In the new phase, the age range has been expanded, with adults between 60 and 84 years accounting for nearly 50% of the trial’s population.
Early-stage data from a small clinical trial of the vaccine has shown it produced high levels of virus-fighting antibodies, and the company aims to begin larger studies to obtain regulatory approvals as early as December.
About Novavax vaccine candidate NVX-CoV2373
NVX‑CoV2373 is a vaccine candidate engineered from the genetic sequence of SARS‑CoV‑2, the virus that causes COVID-19 disease. NVX‑CoV2373 was created using Novavax’ recombinant nanoparticle technology to generate antigen derived from the coronavirus spike protein and contains Novavax’ patented saponin-based Matrix-M™ adjuvant to enhance the immune response and stimulate high levels of neutralizing antibodies.
In preclinical trials, NVX‑CoV2373 demonstrated indication of antibodies that block binding of spike protein to receptors targeted by the virus, a critical aspect for effective vaccine protection.

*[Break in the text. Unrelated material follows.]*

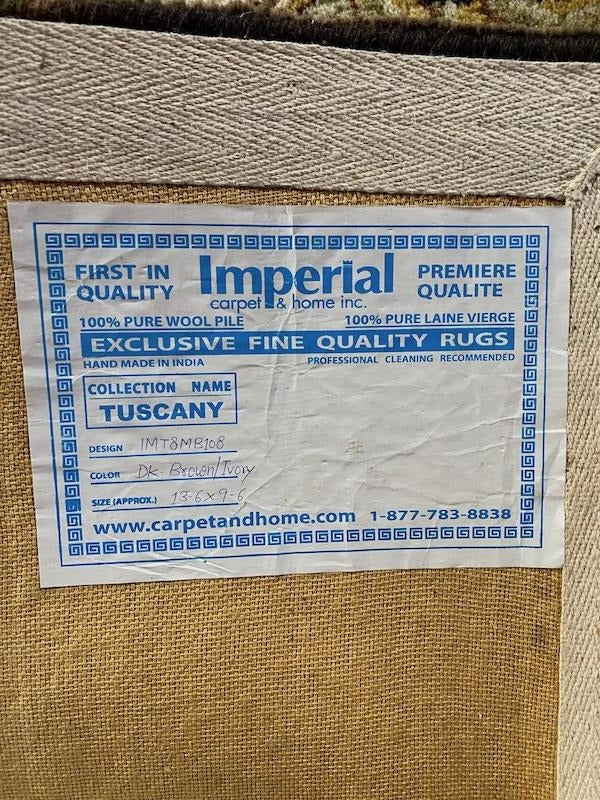 The Imperial Carpet & Home- Tuscany Collection- Dark Brown & Ivory Hand Made Indian Wool Rug- 13.6x9.6ft

In its Phase 1 data of the Phase 1/2 clinical trial, NVX‑CoV2373 was generally well-tolerated and elicited robust antibody responses numerically superior to that seen in human convalescent sera. Phase 2 clinical trials began in August. Novavax has secured $2 billion in funding for its global coronavirus vaccine program, including up to $388 million in funding from the Coalition for Epidemic Preparedness Innovations (CEPI).